(Dataset items)
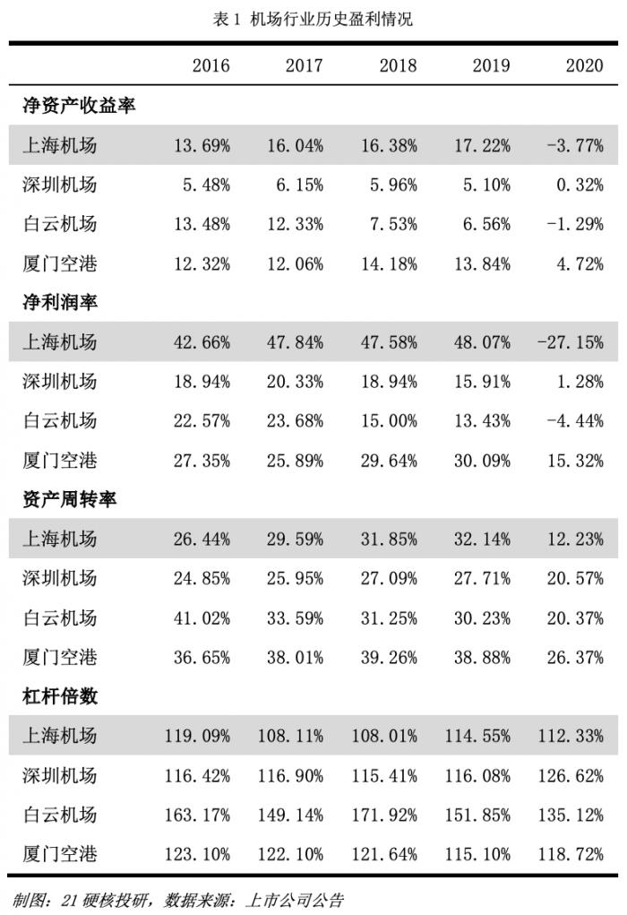 回看疫情前,上海机场的经营情况十分良好,被市场称为“核心资产”之一。从历史盈利情况看,上海机场的净资产收益率保持在15%以上,明显优于机场行业的其他企业。拆分来看,上海机场优异的净资产收益率主要来源于远超行业的净利润率,显示出上海机场出众的盈利能力。同时,上海机场的杠杆倍数多年来一直位于行业最低,且其负债均为经营负债,连续多年保持接近于0的有息负债率,侧面反映出上海机场的自有业务具备非常优秀的造血能力。
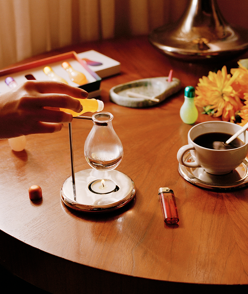 First, add water to your glass vessel then add 5-10 drops of your chosen aroma. Light the tea light below, and let the heat gently diffuse the fragrance oil throughout your space. Easy.
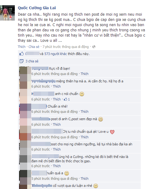 Anh viết:"Dear ca nha.. Nghi rang moi ng thich nen post de moi ng xem neu moi ng kg thich thi se kg post nua.. C chua bgio de cap den gia xe cung chua he noi la xe cua ai. C nghi moi nguoi chung ta song nen tu nhin vao ban than de phan dau va co gang cho nhung j minh yeu thich trong csong va tinh yeu.. Hay nho cau noi rat hay la "nhàn cư vi bất thiện".. Chua bgio c thay sai ca.. Love u all ...".
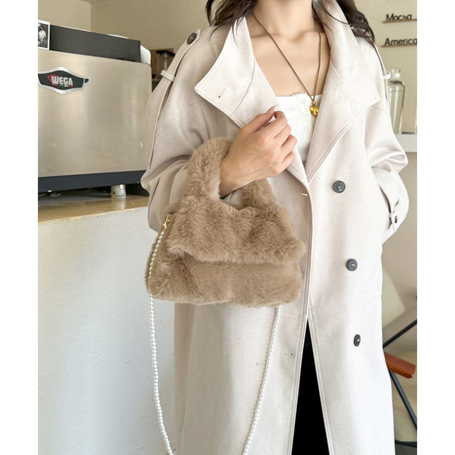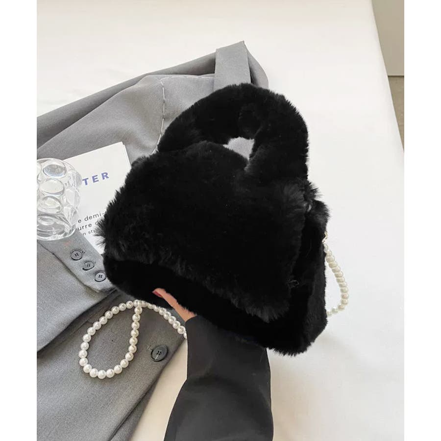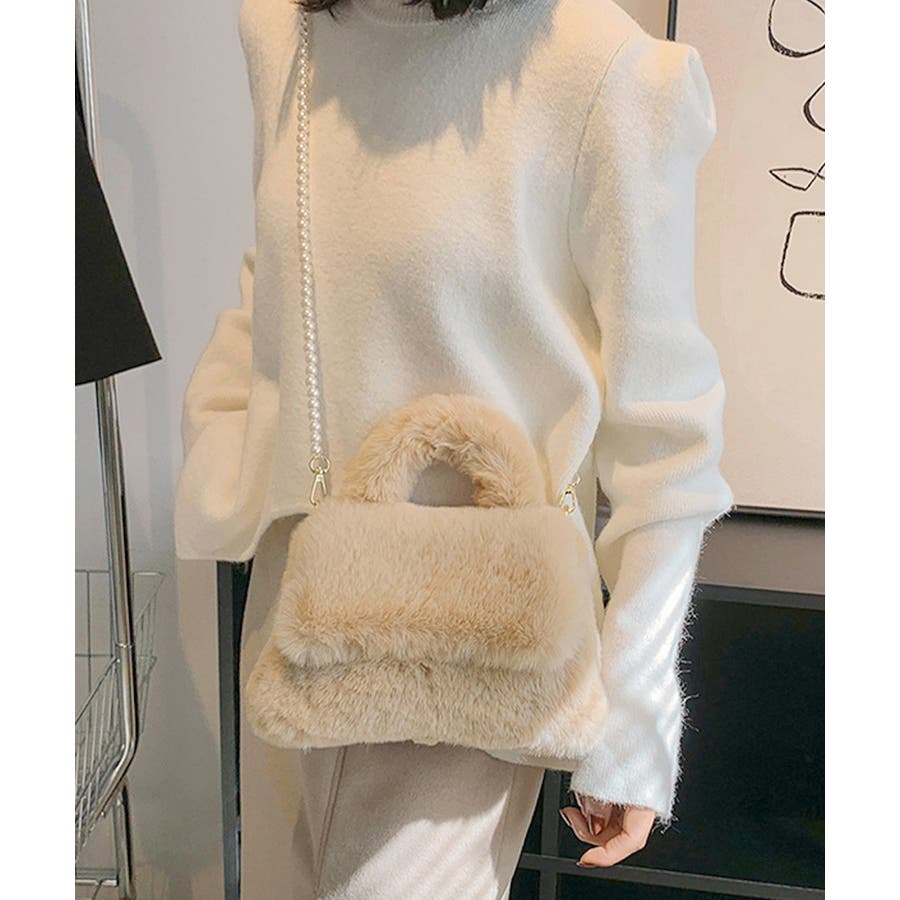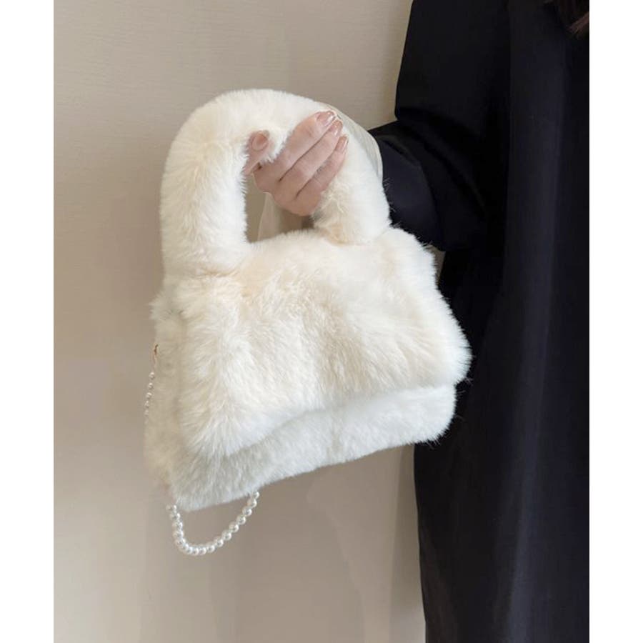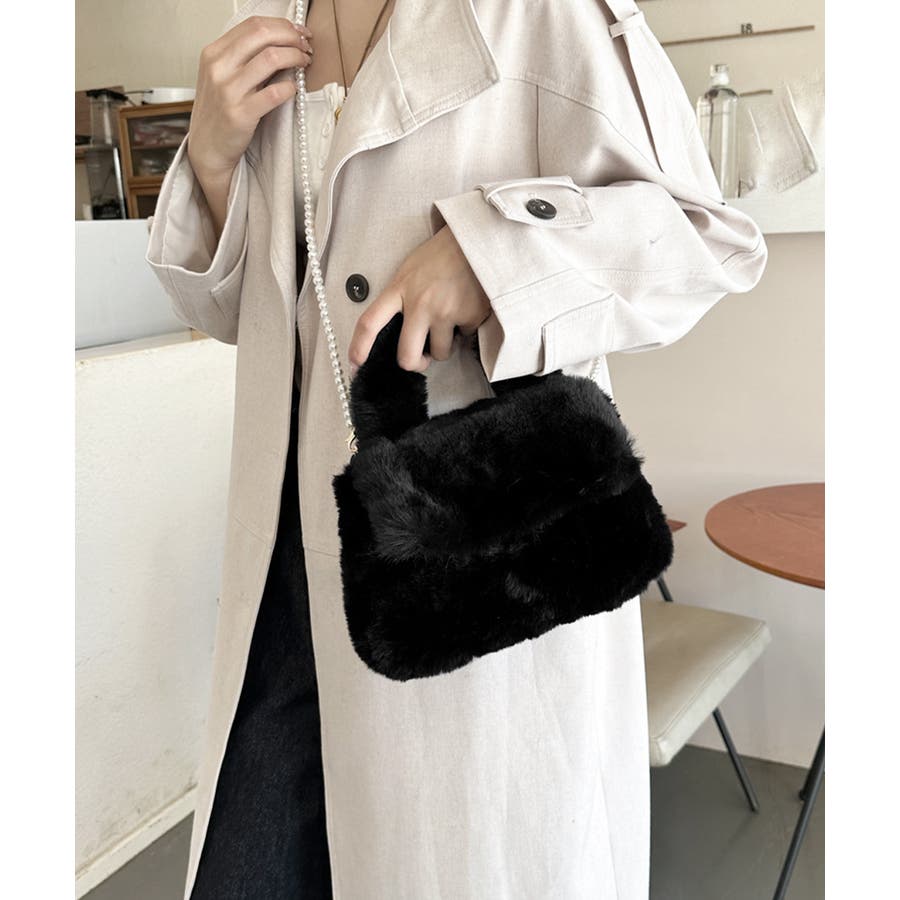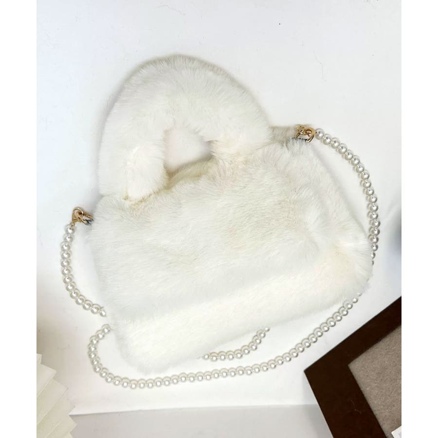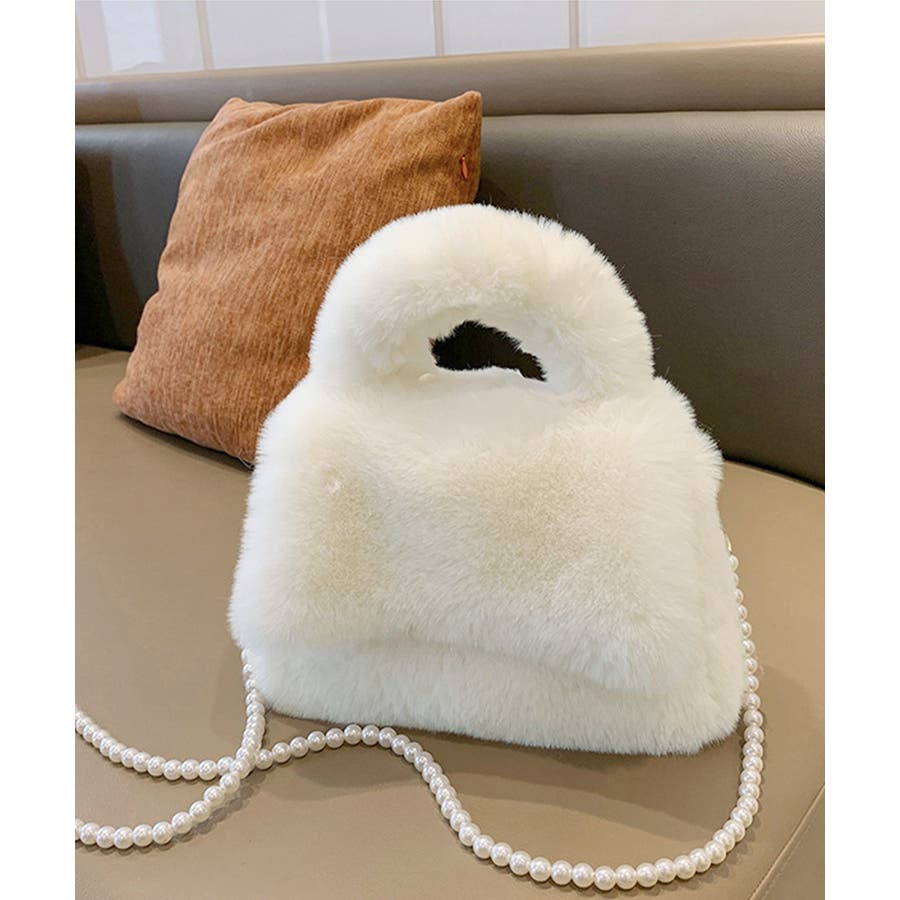 ファーショルダーバッグ パールチェーン鞄
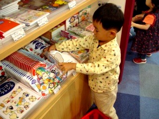 悠真も物色中。結局「イチジョウマン シール」を購入。260円もする。高い! 渋谷行きのバスもキャラクター付き。
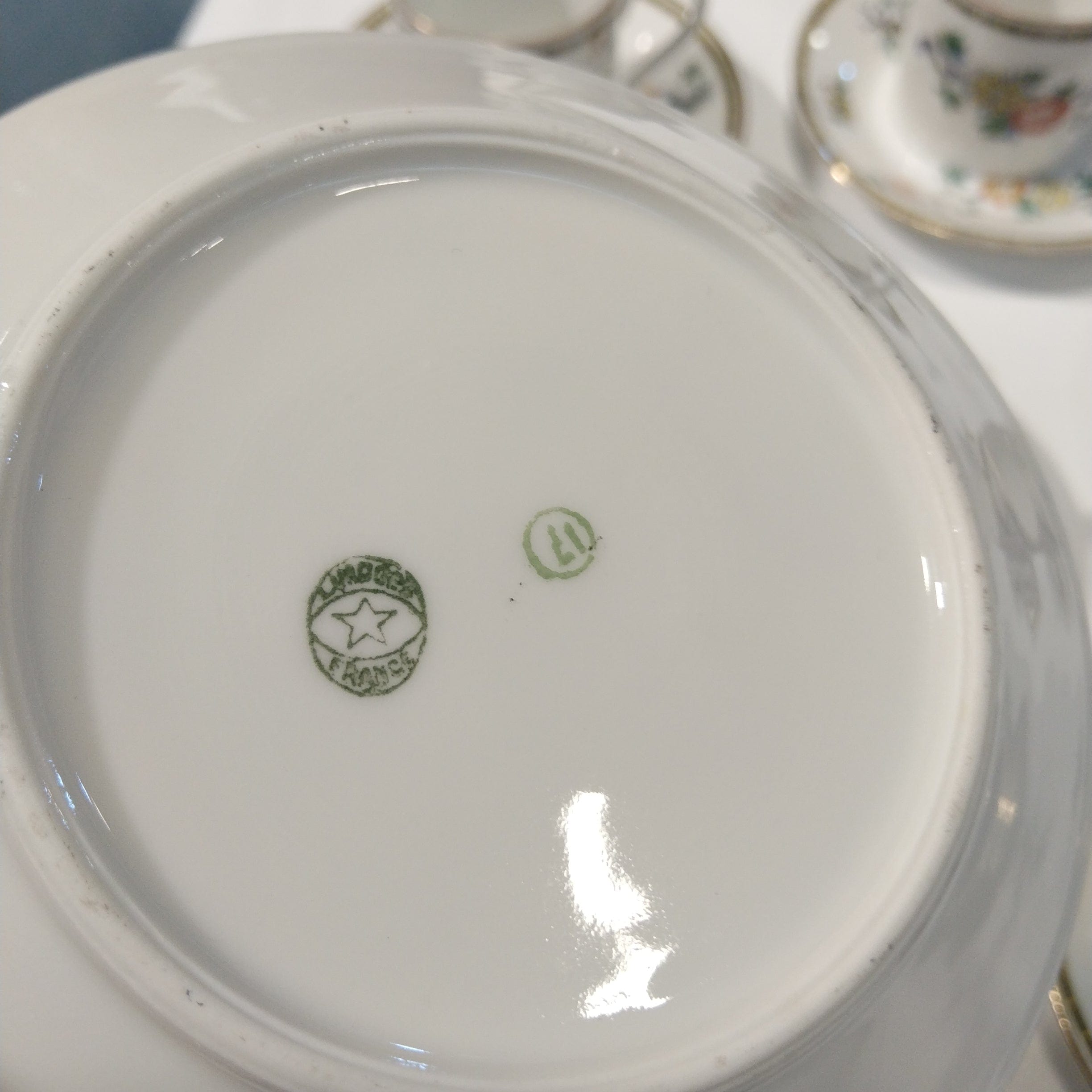 Juego de tazas de café porcelana francesa Limoges 'ramas y flores'
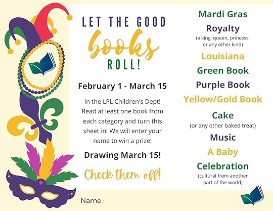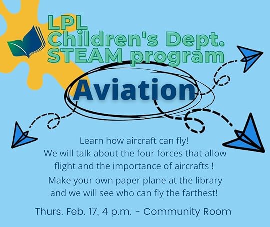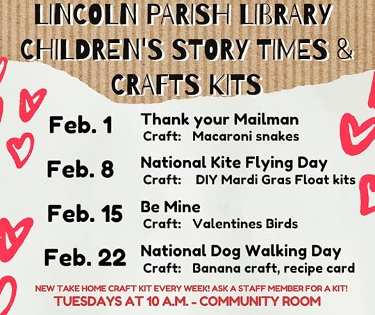 Children's Department The Weekly Take Home Craft with storytimes February 1= Thank your Mailman Craft: Macaroni snakes February 8= National Kite Flying Day Craft: DIY Mardi Gras Float Kits February 15= Be Mine Craft: Valentine Birds February 22= National Dog Walking Day Craft: Banana craft, recipe card
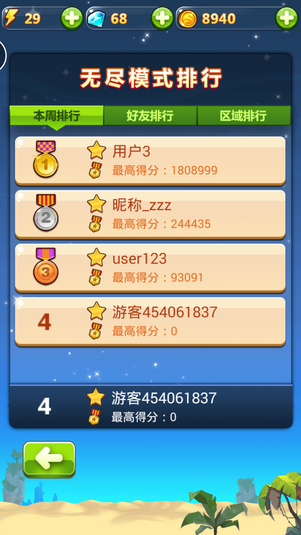 PK挑战和无尽模式都各有3个排行榜(每周一零点清零) 1、本周排行:所有玩家每周的排行,能进这个榜的都是大神啊 2、好友排行:连连看好友间的排行啦 3、区域排行:以省为单位排名,快去看看周围的小伙伴哪..
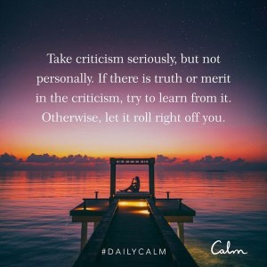 Today’s meditation was ten minutes long, And focused on how to deal with criticism in a way that is excepting and calm, rather than taking immediate offense.

_What the task asks:_
Once you find the line that contains "ファーショルダーバッグ パールチェーン鞄", reproduce it and every line after it through the end of the entries above, exactly as written, with no pictures.

_Solution to this problem:_
 ファーショルダーバッグ パールチェーン鞄
 悠真も物色中。結局「イチジョウマン シール」を購入。260円もする。高い! 渋谷行きのバスもキャラクター付き。
 Juego de tazas de café porcelana francesa Limoges 'ramas y flores'
 Children's Department The Weekly Take Home Craft with storytimes February 1= Thank your Mailman Craft: Macaroni snakes February 8= National Kite Flying Day Craft: DIY Mardi Gras Float Kits February 15= Be Mine Craft: Valentine Birds February 22= National Dog Walking Day Craft: Banana craft, recipe card
 PK挑战和无尽模式都各有3个排行榜(每周一零点清零) 1、本周排行:所有玩家每周的排行,能进这个榜的都是大神啊 2、好友排行:连连看好友间的排行啦 3、区域排行:以省为单位排名,快去看看周围的小伙伴哪..
 Today’s meditation was ten minutes long, And focused on how to deal with criticism in a way that is excepting and calm, rather than taking immediate offense.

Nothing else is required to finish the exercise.